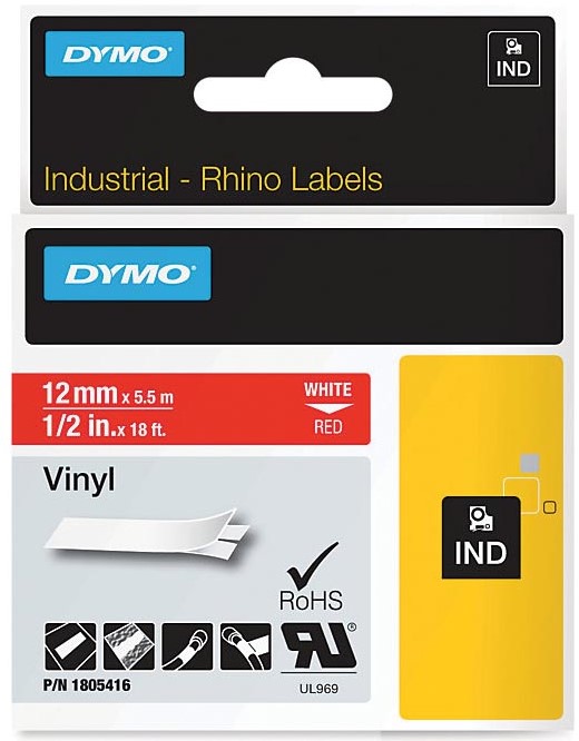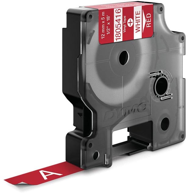 Artikelomschrijving Dymo RHINO vinyltape 12 mm, wit op rood
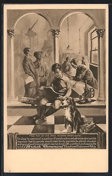 AK British Dominions, Educational Endowment Policy, The May of life only blooms once, Schiller, Junge mit Buch u. Hund
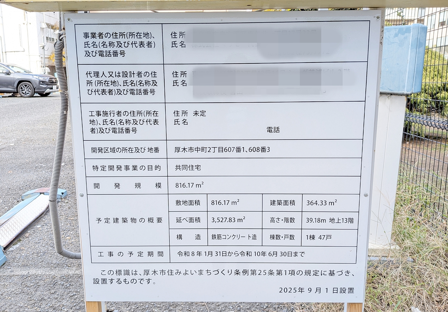 先日、厚木らぼ記事にて「タイムズ相石パーク厚木中町No.2」の場所に工事看板が出現したとお伝えしました。
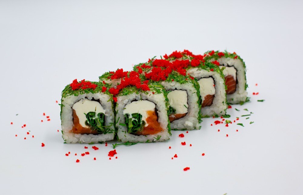 Рис, нори, крем сыр, лосось х/к, лук зеленый, укроп, икра масаго
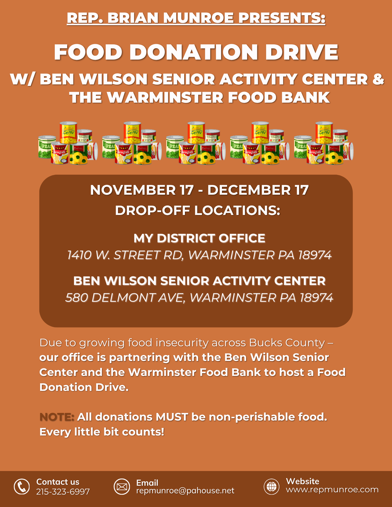 There’s still time to donate to our Food Donation Drive! Drop off non-perishable food items at my district office or at the Ben Wilson Senior Center through Wednesday, Dec. 17 to help the Warminster Food Bank feed families in our community.
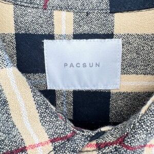 Command attention in this Pacsun flannel shirt, where classic style meets modern comfort. The earthy tan backdrop, overlaid with a bold black plaid and subtle red accents, speaks volumes about understated cool. A traditional button-down design is complemented by functional chest pockets, blending utility with timeless style. Imagine yourself wearing this versatile piece during a weekend hike, a casual coffee run, or a laid-back evening gathering with friends.
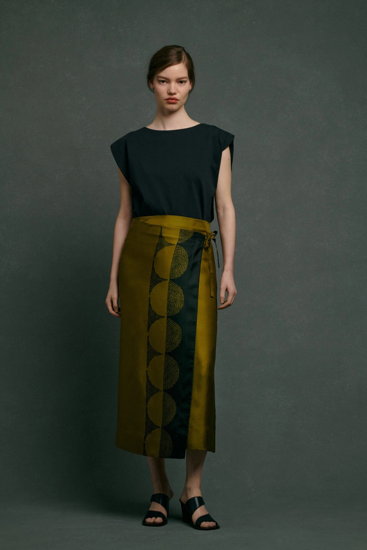 Jupe portefeuille mi-longue en twill de soie imprimé « Pochoir »
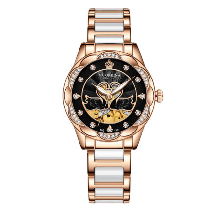 Damenuhr Mechanische Armbanduhr Weibliche Skelett Uhren für Frauen Luxus Edelstahl
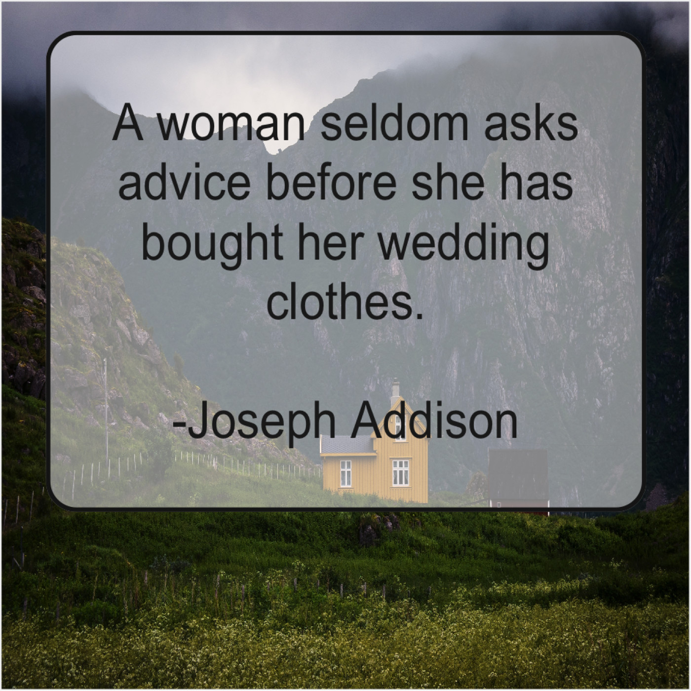 Joseph Addison Joseph Addison – A woman seldom asks advice… July 3, 2019 admin “A woman seldom asks advice before she has bought her wedding clothes.”-Joseph Addison
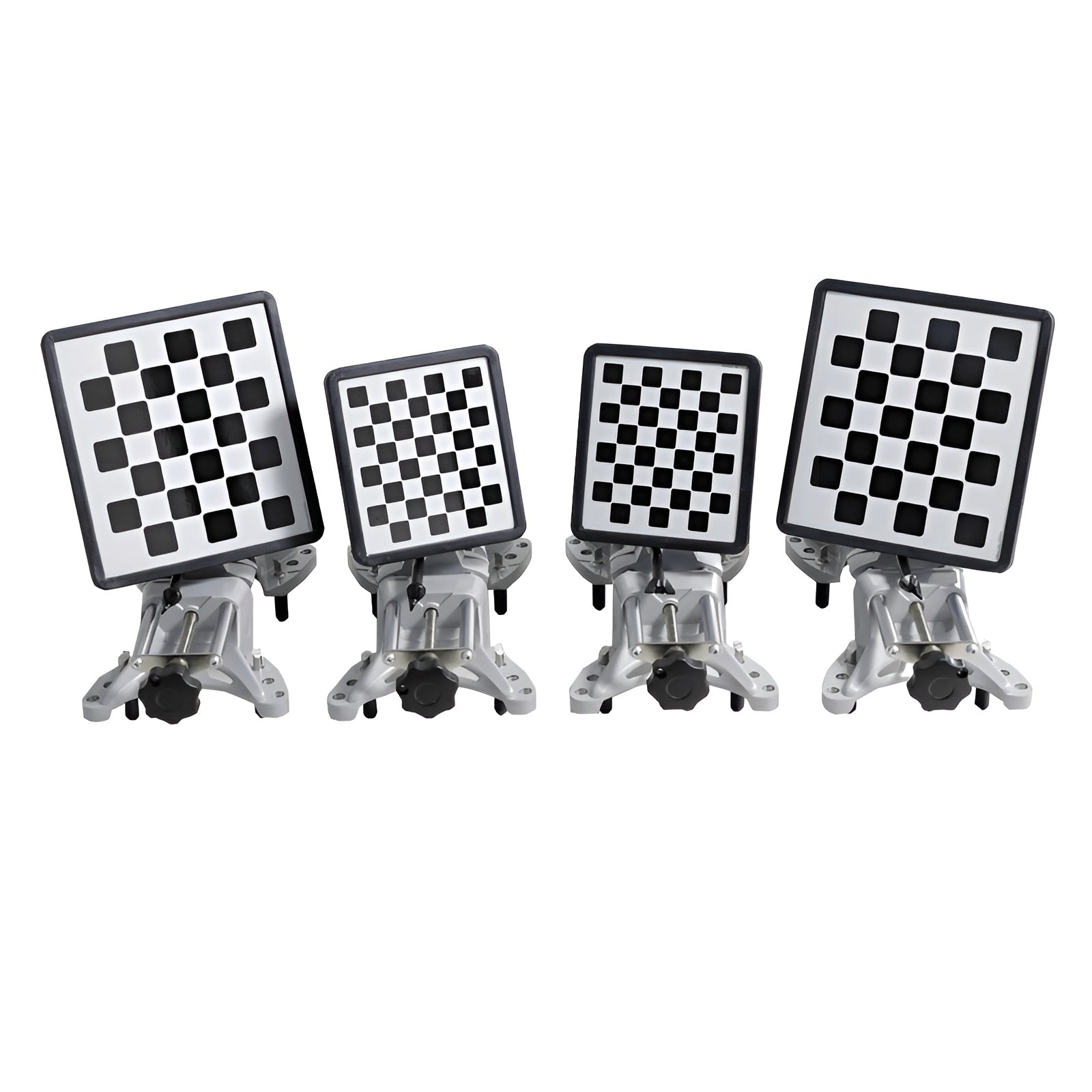 Includes wheel clamps (15”-27”), targets, storage stands, and accessories
= = =
#### PROMPT
Set down each record above exactly as it stands and leave out all pictures.

#### TASK RESPONSE
 Artikelomschrijving Dymo RHINO vinyltape 12 mm, wit op rood
 AK British Dominions, Educational Endowment Policy, The May of life only blooms once, Schiller, Junge mit Buch u. Hund
 先日、厚木らぼ記事にて「タイムズ相石パーク厚木中町No.2」の場所に工事看板が出現したとお伝えしました。
 Рис, нори, крем сыр, лосось х/к, лук зеленый, укроп, икра масаго
 There’s still time to donate to our Food Donation Drive! Drop off non-perishable food items at my district office or at the Ben Wilson Senior Center through Wednesday, Dec. 17 to help the Warminster Food Bank feed families in our community.
 Command attention in this Pacsun flannel shirt, where classic style meets modern comfort. The earthy tan backdrop, overlaid with a bold black plaid and subtle red accents, speaks volumes about understated cool. A traditional button-down design is complemented by functional chest pockets, blending utility with timeless style. Imagine yourself wearing this versatile piece during a weekend hike, a casual coffee run, or a laid-back evening gathering with friends.
 Jupe portefeuille mi-longue en twill de soie imprimé « Pochoir »
 Damenuhr Mechanische Armbanduhr Weibliche Skelett Uhren für Frauen Luxus Edelstahl
 Joseph Addison Joseph Addison – A woman seldom asks advice… July 3, 2019 admin “A woman seldom asks advice before she has bought her wedding clothes.”-Joseph Addison
 Includes wheel clamps (15”-27”), targets, storage stands, and accessories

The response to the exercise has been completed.